While most would consider such a feat unbearable, UI junior Nora Murphy retells the event with a wry smile and nostalgic twinkle in her eye. After she had spent 15 years as an Irish dancer, electronic company LG — its Korea branch — commissioned dancers, including Murphy, for a flat-screen TV commercial filmed in Chicago and the opportunity to train with Lord of the Dance. That’s where the blistering heat came in.

Murphy has been in the trade since the ripe age of 3, and she has performed nationally and globally since she was 7.

It all started when the Chicago native’s uninterested brother refused to wear the traditional Irish dance kilt. Murphy begged her mother to sign her up for classes instead. She’s never looked back.
Her dreams came true the first time she first traveled to Ireland to compete.

“I’d always dreamed of dancing in Ireland,” she said. “I guess that was just a dream come true to be up on that stage; [it] was probably the highlight of my dancing career.”

Accompanying Murphy to Ireland, fellow dancer Mary Lynch said nothing deterred her friend from dancing.

“She was always very motivated,” Lynch said. “Even if she was struggling with a step or having a bad day, she’d fight through it and remain positive, no matter what.”

It might have to do with that something the dancer has.

“It was obvious, from the age of 5, that Nora was very passionate about Irish dancing,” said Kathleen O’Carroll, the director of Cross Keys School of Irish Dance and Murphy’s former teacher.
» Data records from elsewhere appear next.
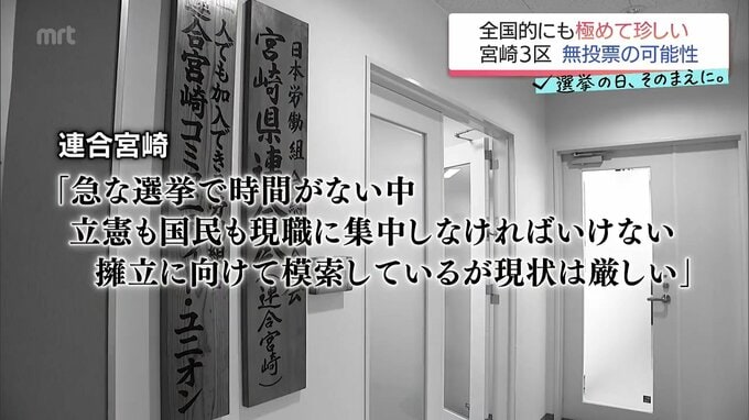 (連合宮崎)「急な選挙で時間がない中、立憲も国民も、現職に集中しなければいけない。擁立に向けて模索しているが、現状は厳しい」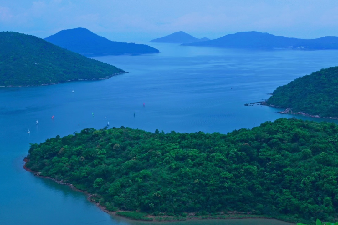 晴天下的万宜水库色彩活泼得让人惊艳,水色湛蓝,犹似天然湖泊,遇上天朗气清的日子,还可以远眺蚺蛇尖。
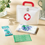 薄型のジッパーポーチに、水に流せるペーパー、アルコール除菌ジェル、絆創膏が入っています。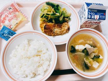 ごはん のりの佃煮 すずきのごま味噌焼き 昆布茶和え 豚汁 牛乳
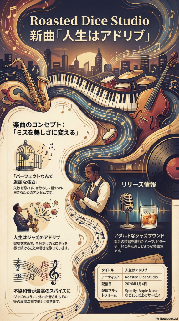 完璧でなければならない──。そんな見えないプレッシャーに、心がすくんでしまった経験はないだろうか。計画通りに進まない日々に、つい立ち止まってしまいそうになる瞬間。そんな時、私たちの耳に、そして心に届く一曲がある。Roasted Dice Studioが放つ新曲『人生はアドリブ』だ。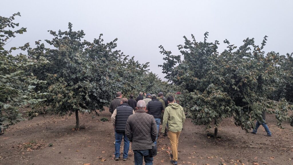 La gira continuó hacia el norte, en el estado de Oregón, donde el grupo visitó huertos de avellanos y líneas de proceso de diferentes escalas productivas. Además, recorrieron la Universidad Estatal de Oregón (OSU), institución referente en investigación y mejoramiento genético del avellano europeo. En cada parada, los participantes pudieron compartir experiencias con productores locales, intercambiando visiones sobre manejo, eficiencia y sustentabilidad en el cultivo.
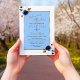 Convites Flores Douradas Elegantes Batismo Menino Azul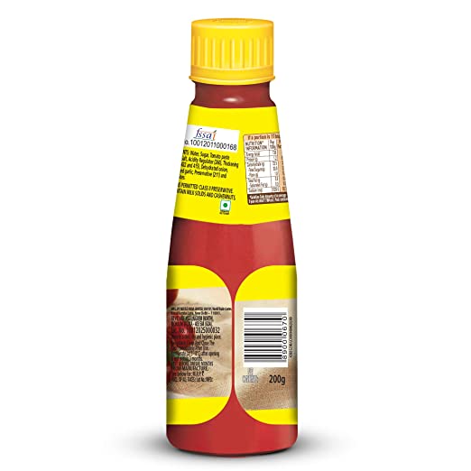 Maggi’s delicious rich Tomato Ketchup adds a tang to any dish with its unique taste. The hero to your snacks and the best accompaniment to a boring meal, Nestle Maggi Ketchup assure everything from samosas, noodles, pakodas to plain chapatis is perfect and yummy. Nestle Maggi Tomato Ketchup is made with tomatoes and a combination of spices to create a truly lip-smacking flavour that everyone loves. Great with snacks like burgers, fries, pizza, pasta, and more, Nestle Maggi Tomato Ketchup is fresh and healthy.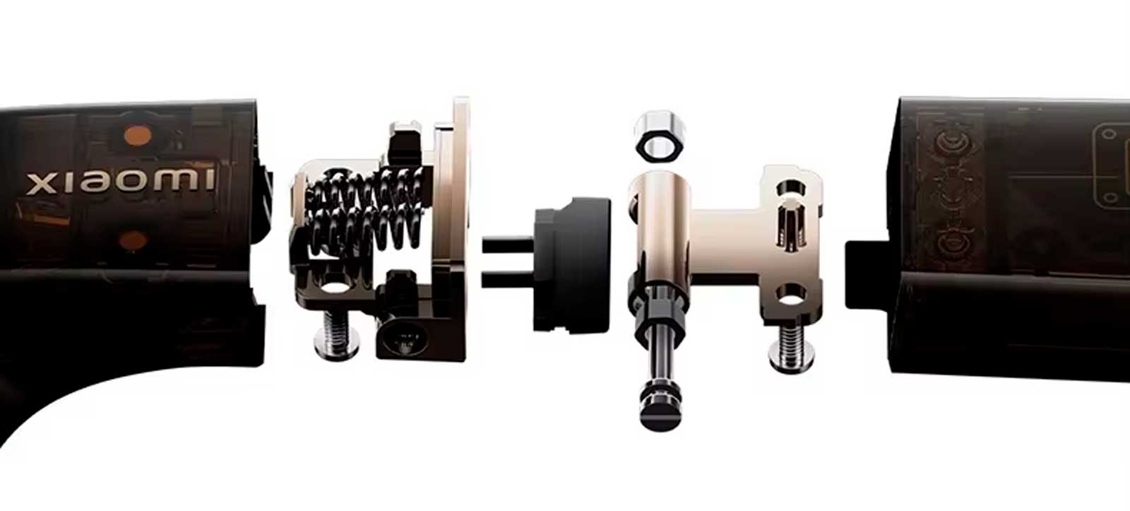 Титановый вращающийся вал авиационного класса. Он обладает лёгкой структурой и «памятью упругости». Даже после 18 000 циклов открытия и закрытия остаётся таким же прочным, как новый.

That something also came across in Murphy’s animated descriptions about the importance of dance in her life. The wavy-haired brunette’s passion was conveyed through her effortless concentration when improvising dance moves in her plaid sneakers. Her rubber-toed feet moved so fast they seemed to float over her kitchen’s floor.

Murphy explained that Irish dancing often serves as an “icebreaker” because it is such a core element in her life.

“[Irish dancing] always seems to come up. Probably because I’m so in love with it,” she said. “Then everyone becomes interested, and they want to see, so I’ll end up dancing at parties where I don’t know anyone.”

In addition to teaching the art form to children in Chicago, she’s managed to combine her love of theater and Irish dancing to pave a career path. Majoring in theater arts with a concentration in costume design, she has designed costumes for three productions at the university this year. That interest stemmed from helping design her first Irish dance costume, which usually run $2,500.

Murphy’s genuine appreciation of the art form — minus some new additions — becomes apparent after spending just a short amount of time with her.

“I do think there’s an element of how you present yourself onstage … an element of … glamour,” Murphy said. “I’m not a fan of what it’s turning into — they’re even having spray tan booths at the competitions.”

Fake tanning and glitter aside, her love of the dance thrives.

“I love being able to hear the Irish tune and just belt it out,” she said. “I love everything about it.”